Work to be completed: Set down all of the entries word for word, omitting the images they contain.

─── The records

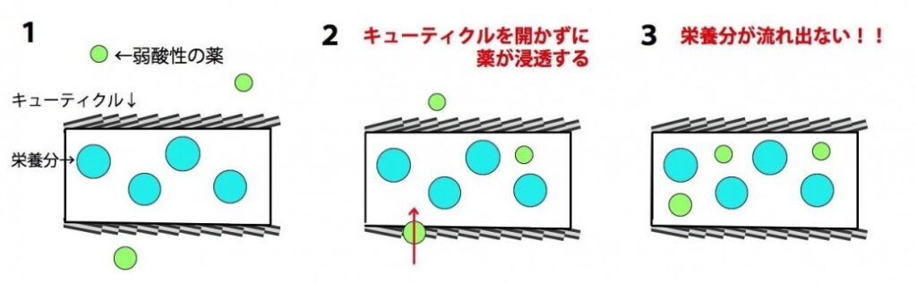 ▼弱酸性カラーはキューティクルをあまり開かずに染める
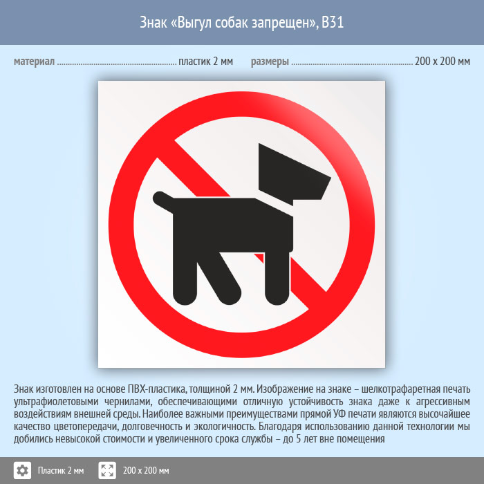 Знак «Выгул собак запрещен», B31 (пластик, 200х200 мм) в Сургуте купить
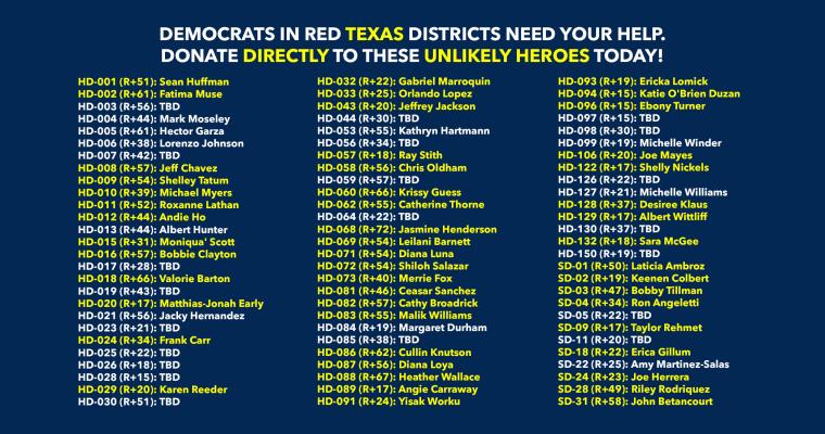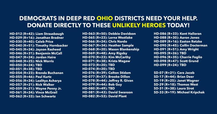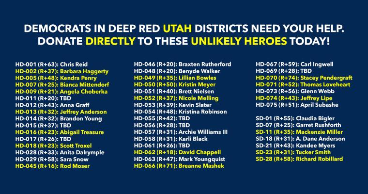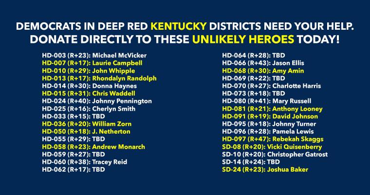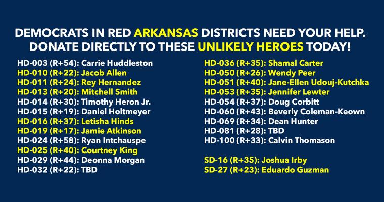 Links on this page allow you to easily donate to multiple Democrats running for state legislative seats in every state!
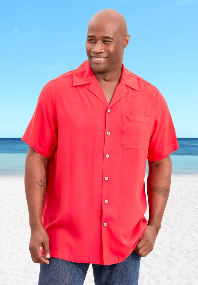 Whether you're on vacation or just enjoying a sunny day at home, our KS Island™ Solid Camp Shirt will keep you cool and comfortable. The vibrant colors, breezy open collar, and the coconut buttons make it the perfect summer shirt and must-have item for vacation.
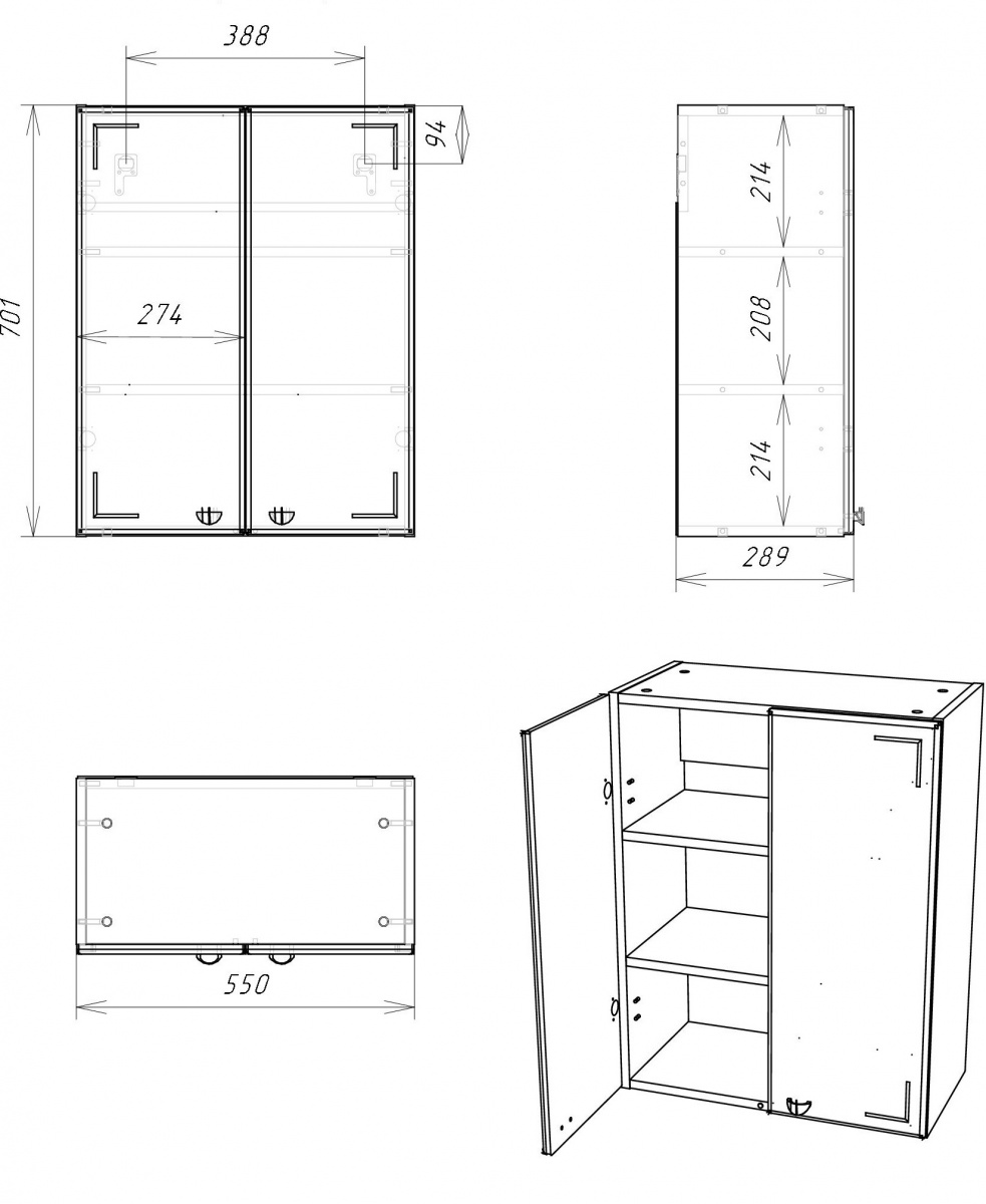 Шкаф подвесной Классик 02-55 Айсберг (разобран) Домино (DA1146HR)
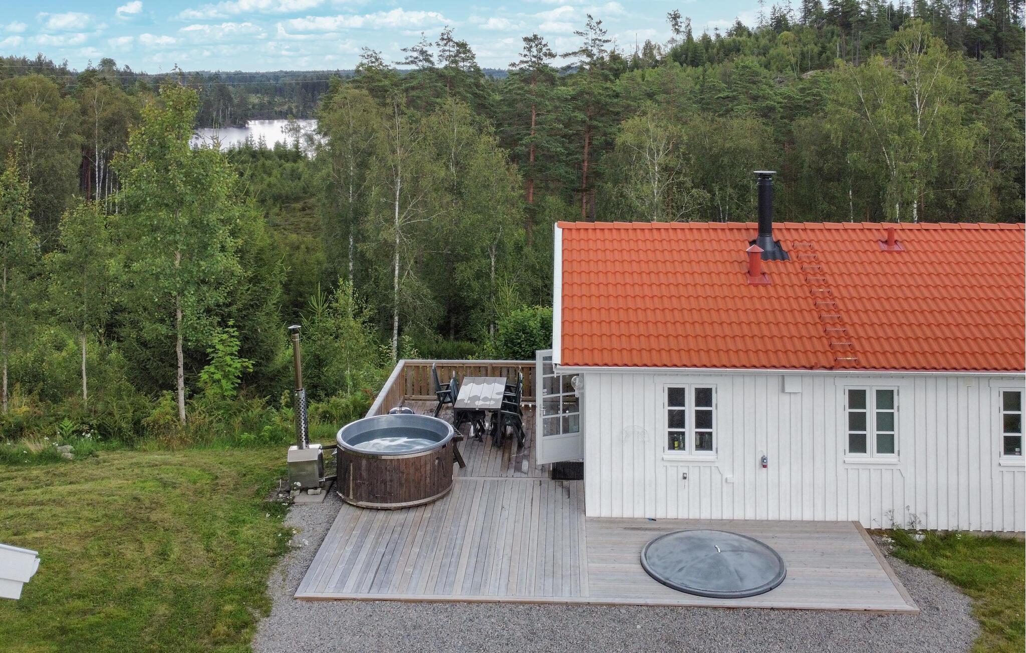 Willkommen in diesem gemütlichen Ferienhaus in Gislaved, wo Entspannung und Natur aufeinandertreffen. Diese charmante Unterkunft bietet Ihnen nicht nur eine einladende Atmosphäre, sondern auch einen eigenen Whirlpool für erholsame Stunden im Freien. Die geschmackvoll eingerichteten Innenräume strahlen Gemütlichkeit aus und laden Sie dazu ein, nach einem aktiven Tag zur Ruhe zu kommen. Genießen Sie die warme Ausstrahlung des Holzes und die harmonische Gestaltung, während Sie sich auf der Terrasse mit einem Blick ins Grüne entspannen.
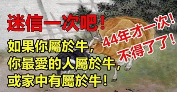 如果你屬於牛,你最愛的人屬於牛,或家中有屬於牛,44年才一次,不得了了

──────

Output:
 ▼弱酸性カラーはキューティクルをあまり開かずに染める
 Знак «Выгул собак запрещен», B31 (пластик, 200х200 мм) в Сургуте купить
 Links on this page allow you to easily donate to multiple Democrats running for state legislative seats in every state!
 Whether you're on vacation or just enjoying a sunny day at home, our KS Island™ Solid Camp Shirt will keep you cool and comfortable. The vibrant colors, breezy open collar, and the coconut buttons make it the perfect summer shirt and must-have item for vacation.
 Шкаф подвесной Классик 02-55 Айсберг (разобран) Домино (DA1146HR)
 Willkommen in diesem gemütlichen Ferienhaus in Gislaved, wo Entspannung und Natur aufeinandertreffen. Diese charmante Unterkunft bietet Ihnen nicht nur eine einladende Atmosphäre, sondern auch einen eigenen Whirlpool für erholsame Stunden im Freien. Die geschmackvoll eingerichteten Innenräume strahlen Gemütlichkeit aus und laden Sie dazu ein, nach einem aktiven Tag zur Ruhe zu kommen. Genießen Sie die warme Ausstrahlung des Holzes und die harmonische Gestaltung, während Sie sich auf der Terrasse mit einem Blick ins Grüne entspannen.
 如果你屬於牛,你最愛的人屬於牛,或家中有屬於牛,44年才一次,不得了了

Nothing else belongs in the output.